As poker players we strive to maximize our earn at the game. We develop and refine a diverse array of skills, striving to win perhaps one big per hour. Accordingly, if someone were to approach you with an idea which could save you, say, one quarter of a big bet per hour, would you not listen with interest?

Yet there is an obvious idea which can save you much more. strangely, few serious players take much interest in it, but to ignore it can cost you your entire hourly rate. Educated readers might guess that I am referring to game selection, for it is an idea to which similar comments could apply. But the idea I wish to address is even more fundamental. It is game preservation. By game preservation, I mean acting to insure that your regular game (or games) thrives and does not dissolve, with the players no longer coming to the same cardroom for the same game on a regular basis. After all, without a game to play in you will have no opportunity to earn any hourly rate. It is therefore to your benefit to consider well what factors account for a game’s ongoing health or, on the other hand, its demise.

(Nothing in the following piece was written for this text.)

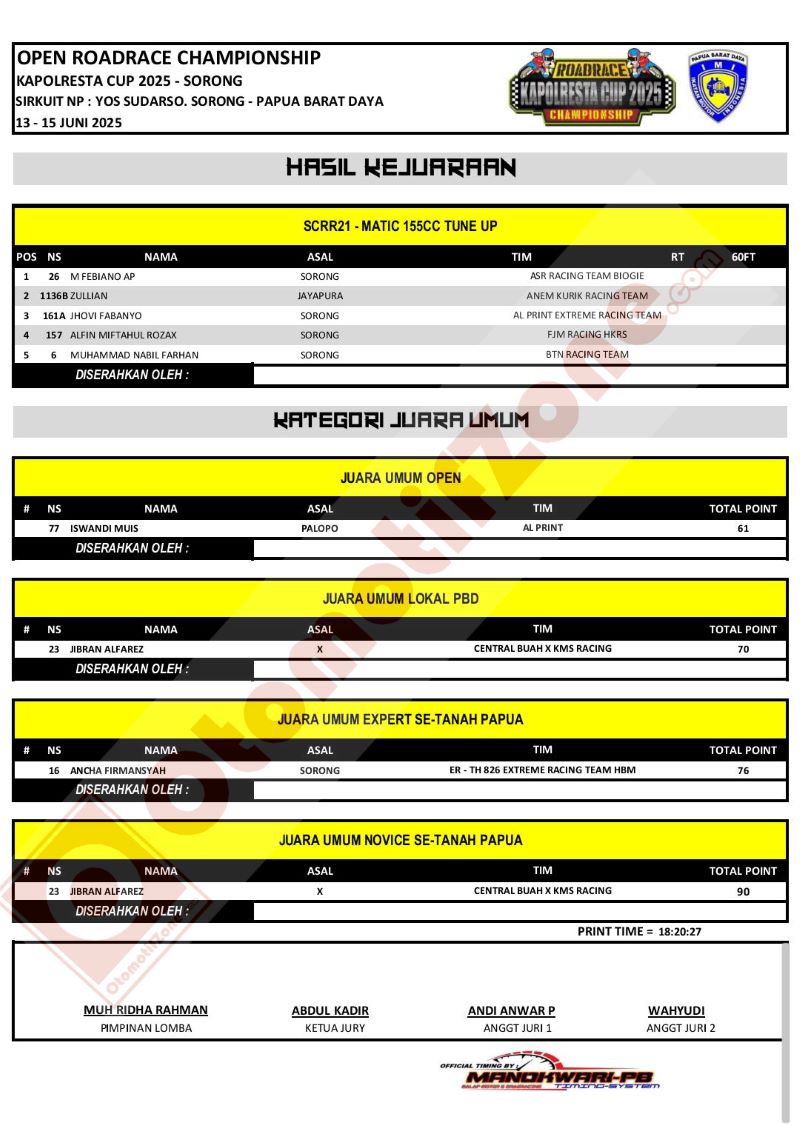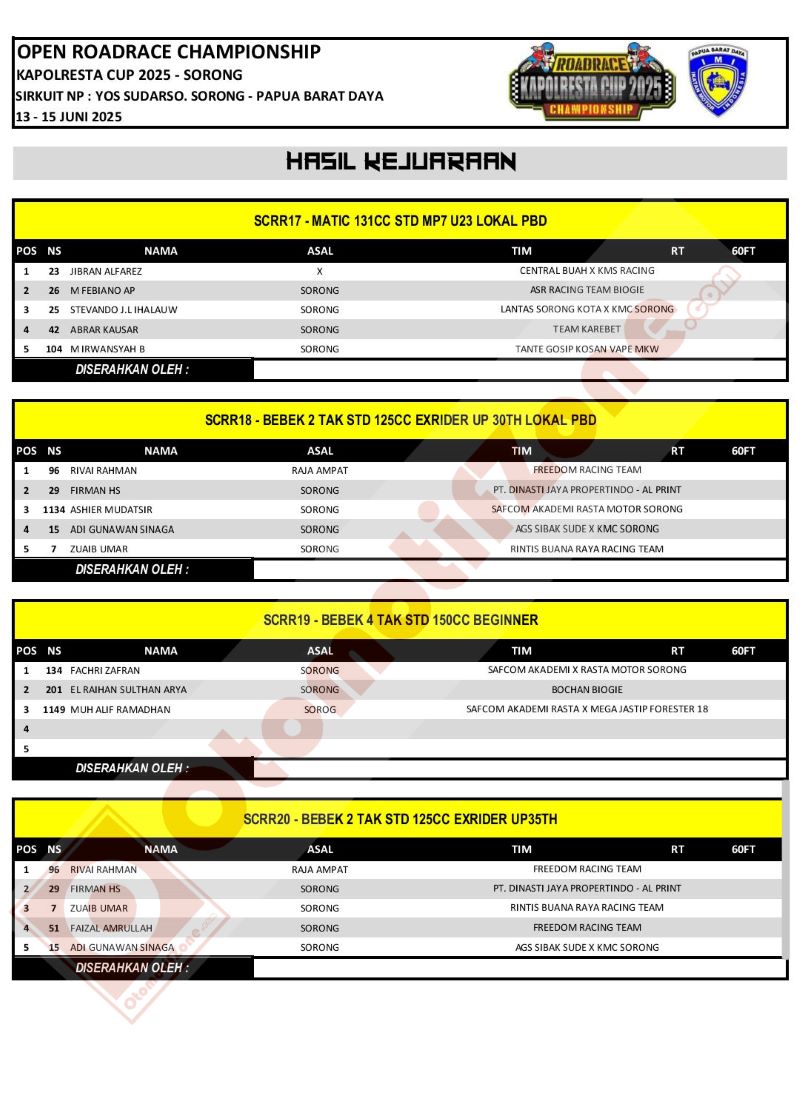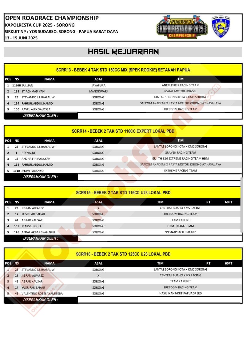 Berikut hasil pemenang Kapolresta Cup 2025 Road Race Championship Sorong :

If you live in an area with as much poker as Los Angeles, and have no interest in games above about the $30-$60 level, you may have little need to worry about losing your game. There are always other games or casinos to chose from, and a constant stream of players to populate them. Anywhere else, however, the loss of a game above the small limits can be a real problem. Even Las Vegas is not immune. In about 1996 Binion’s Horseshoe lost its $20 – $40 holdem game, a game they had spread for years. Though Vegas has a couple of other options for $20-$40 players, this news gives one pause. It shows that even a well established game in a cardroom which should have no shortage of new and regular players, can die out.

Moreover, when it comes to the higher limits, even Los Angeles is not immune to losing games. In the San Diego area I have seen numerous middle limit games come and go. Some of these games were successfully spread in busy cardrooms for several years running. They appeared to be thriving. Then, sometimes gradually, sometimes suddenly, they died. For example, some years ago I took a break of about four months from poker. At the end of the break I returned to the cardroom which spread my regular game (then $10- $20 with a “kill” or sometimes $15-$30). This game had survived for several years. I was thus dismayed to learn that it had dissolved during my absence. Impacted by the marketing, comps, and the reduced drop (the method of collection used instead of a rake in San Diego) offered by a larger casino, this cardroom saw an important piece of its business simply disappear.

This was especially disturbing as I had become accustomed to playing in this, one of the few nonsmoking cardrooms in California at that time. Now I was forced to return to the smoke in order to keep playing. Thankfully, the game was revived two months later at the $15-$30 level, later changed to $20 –$40, and survives at the time of this writing. Needless to say, even such a temporary loss of a game is bad for both players and the house. The players lose their game which, for some, threatens their livelihood. The house sustains damage to its income which is even worse than it appears. If the cardroom manages to revive the game, they may find that some former players are reluctant to return, having found other games, quit playing, or developed resentment that the poker game they had counted on simply evaporated. So the house may have to work with a thinly populated, sporadically active game, and a need to rebuild a shrunken player base. One factor which may be involved in the loss of a game is the simple flow of money from the weaker players to the stronger players.

If there are too few players, or the weaker players are under-financed, the game’s health can suffer. This is largely out of the control of the players or the house, but there are a number of other phenomena which affect the health of a game over which those involved do have some control. Some are small things, others are more profound, but they all add up in contributing to the health or demise of a game. The dissolution of my game prompted me to examine some of these phenomena.